Cassie and luna said:


> He is handsome
> 
> I am struggling to make progress with my two lady budgies. We are kinda stalled at the eating from my hand stage. I guess I just gotta spend as much time as possible with them which isn't such a hardship


I totally get it lol
I'd like to spend more time with him but school makes it super difficult
My other boy was easily bribed with food so we got to the point where he'd take treats directly from me but Bowie's always been the stubborn one


----------



## Cassie and luna (Jul 30, 2021)

I work 6 days a week. Out of the house about ten hrs a day. I definitely understand struggling to find time. I just dedicate every evening to my birds. Lucky I finish a few hours earlier on a Saturday so I get a big chunk of time with them then. Plus all Sunday.

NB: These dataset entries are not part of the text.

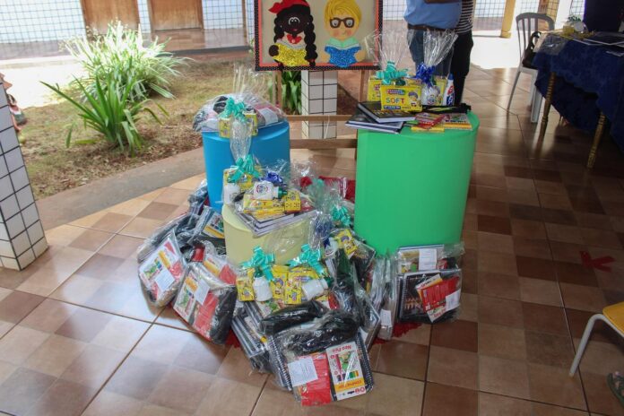 Entrega também na Escola Municipal de Educação Infantil, Maria Suave dos Santos, no Bairro Afonso Pena, com a presença do vice-prefeito Daniel Borges. Lá estudam 327 alunos, de quatro e cinco anos de idade. O gestor da escola, Dione Carlos da Silva, frisou os benefícios sociais e econômicos para as famílias das crianças na unidade, algumas com orçamento que não permitiria a compra dos kits.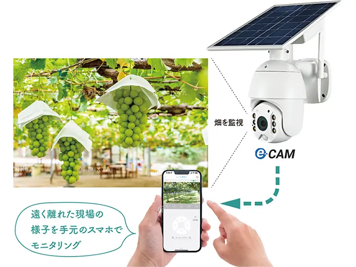 『e-CAM』は、動体検知によるアラーム・録画・スマホ通知、スマホからの遠隔アクセスや音声警告機能などを備え、ほ場や農機具・資材の盗難防止や省力化に貢献する製品として紹介されています。
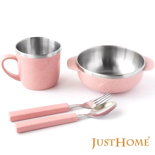 Just Home麥纖維304不鏽鋼兒童餐具4件組(碗+杯+叉+匙)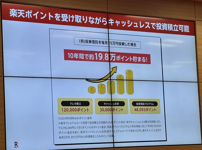 楽天証券では、楽天カードのクレジット決済で投資信託の積立額の0.5~2%をポイント還元。また、楽天キャッシュでも0.5%をポイント進呈している。例えば、楽天プレミアムカードで投資信託の積み立てを10年間した場合、19.8万ポイントが貯まるそうだ。

Still I think it's not really enough, but I shall persevere, I am determined to give them scritches one day


----------



## Rockband (Sep 29, 2021)

Cassie and luna said:


> I work 6 days a week. Out of the house about ten hrs a day. I definitely understand struggling to find time. I just dedicate every evening to my birds. Lucky I finish a few hours earlier on a Saturday so I get a big chunk of time with them then. Plus all Sunday.
> 
> Still I think it's not really enough, but I shall persevere, I am determined to give them scritches one day


I'm determined to get Bowie to perch on me so I can scare my dad since he's terrified that Bowie will attack him
He won't but the threat is a good bargaining chip


----------



## Cassie and luna (Jul 30, 2021)

Haha I would love to see that


----------



## FaeryBee (May 9, 2011)

*Would you please post a full frontal picture of Bowie taken in natural light. No flash and no direct sunlight. I want to see the color of the cere.
From this picture, it looks very whitish but I'm not sure if that is the light washing it out or the actual color.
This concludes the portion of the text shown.